She tossed a wedding gown in my direction and told me a young woman and her mother were there to “see” gowns, but the model had not shown up. Would I do it?

I had little choice. She had already pulled the first gown over my head.

I spent an hour or more parading around in dresses while the young woman and her mother watched. Finally, the two selected a dress, and I returned to the changing room to find the beautiful gown from the magazine cover. It was still my favorite, even after I’d tried on almost everything in the store.

The attendant walked in and saw the gown in my arms. “Take it,” she said.

“What?”

“Take it. We have no contract with you as a model, and I was wondering how to pay you.

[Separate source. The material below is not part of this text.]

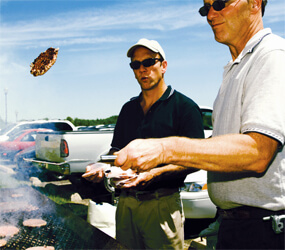 Half-pound burgers often become quarter-pounders or sliders at a Laverick tailgate. Baked chips can replace standard potato or tortilla chips on tables.

Take the dress.”

I returned home with my gown and called Ron that very evening. “Will you marry me?” I asked.

“Of course I will,” he said, laughing.

“No, you don’t understand,” I said. “I’m serious. I already have a wedding gown.”

More than thirty years later, we are still married.

Wanda Burch
Fultonville, New York

When my mother-in-law, Leighton, was a teenager, she was very much in love with a handsome, hardworking young man named Arthur Tuthill, whom everyone called “Tut.” Leighton and Tut dated all through high school and college, but then Tut shipped off to the South Pacific during World War II, and Leighton met and married another man in his absence. When Tut returned from the war, he started his own family and moved a number of times for work. He and Leighton lost contact.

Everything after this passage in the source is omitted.